This second volume on Psalms completes Richard Clifford’s work on the Psalter for the Abingdon Old Testament Commentaries series, the mandate of which is to provide “compact, critical commentaries … for the use of theological students and pastors” as well as others engaged in teaching scripture. As might be expected in a second volume, introductory matters covered in volume one are not included here, and when appropriate, reference is made to matters discussed in the previous book. This volume includes an “Index of Psalms According to Type” as well as a topical index which indicates where the primary discussion of main subjects is to be found in the complete work. Each book concludes with a list of works cited, with volume two also providing a select bibliography for additional study. The brief notations on each work in the bibliography provide a useful guide, directing readers to appropriate materials by distinguishing between works appropriate for scholars and those for the general reader.
Specialists in the Hebrew Bible will be well aware of Clifford’s contributions to the field, and would expect a volume which draws from a wealth of knowledge of ancient Near Eastern texts and culture as well as biblical traditions. In this they will not be disappointed. As a guide to this collection of worship materials, Clifford writes with sensitivity to the spiritual as well as the technical dimensions of the text and draws in information when it will benefit the reader in understanding the core meaning of the psalm under consideration. In other words, his expertise is used to contextualize the nuances of particular psalms without his allowing himself to be distracted from the central task of interpreting the text for the intelligent reader. The invitation is constantly to engage with the biblical text rather than the commentary. As such, it is a volume to be commended to those who would like to work through the Psalms on their own, or whose concerns are to prepare to lead others in a discussion of the text.
While reading this commentary for review I was teaching a graduate course on Psalms, and leading a congregational group largely comprising young adults who were reading through the Psalter. Whenever possible, I tried to read through the relevant sections as I prepared for one or other of these tasks, and found the volume was able to be commended without reservation as a resource for further study and reflection in both of these contexts.
The structure of the series compels a division of the commentary on each psalm into three sections which consider, in turn, literary, exegetical, and theological and ethical matters. Reading through the volume and the associated psalms it becomes increasingly evident that you are in the company of a skilled guide. Literary matters are presented with clarity, while repetition is avoided as far as possible by directing the reader to primary discussion elsewhere in one or other of the volumes. Clearly the size of the commentary necessitated numerous decisions about which elements of each psalm would be discussed in its exegetical sections. In choosing what elements are analyzed Clifford has demonstrated a concern to make sense of the overall shape of the particular psalm being considered, while also giving direction to the connections to be observed with other psalms. There is no doubt that the author is a master of the technical literature, but this is not the context for the parading of scholarship, and his observations are marked by clarity and common sense. This prepares well for the final comments on the theological and ethical implications of each psalm. The presumed text for the series is the NRSV, and on those occasions when Clifford provides his own translation his rationale is clearly provided. In fact clarity is one of the hallmarks of this work, to which we might add the qualities of considered thought and contemporary relevance.

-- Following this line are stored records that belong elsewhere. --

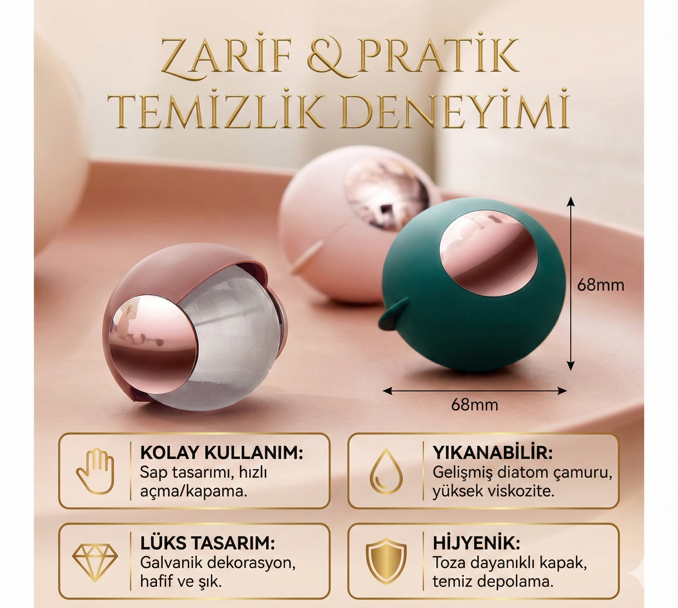 Boyut: Yaklaşık 6,8 x 6,8 x 6,8 cm
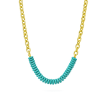 O colar com pedras turquesa em banho de Ouro 18K é uma joia vibrante e elegante, que combina a energia marcante da turquesa com o brilho sofisticado do ouro. As pedras em tom azul intenso trazem frescor e leveza ao design, enquanto o banho de ouro confere um toque luxuoso e atemporal. Versátil e cheio de estilo, é perfeito para compor produções modernas e descontraídas, adicionando cor e sofisticação a qualquer look.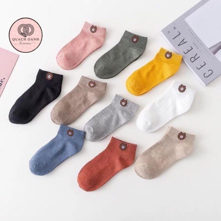 Giới thiệu Combo 10 đôi tất gấu cổ ngắn họa tiết Brown tặng kèm túi đựng - TG10

References to prayers and pray-ers are one of the elements of the text that makes it evident that Father Clifford never loses sight of the fact that these celebrated texts have a long history in the lives of real men and women, and their worship of God. There is much to absorb here, with sound judgments offered to guide the modern reader in thinking, praying and worshipping. As such, the book is to be savored and used as a trusted resource by all those whose desire is to engage with the God praised by, wrestled with, and prayed to by the poets whose work has been collected in Psalms.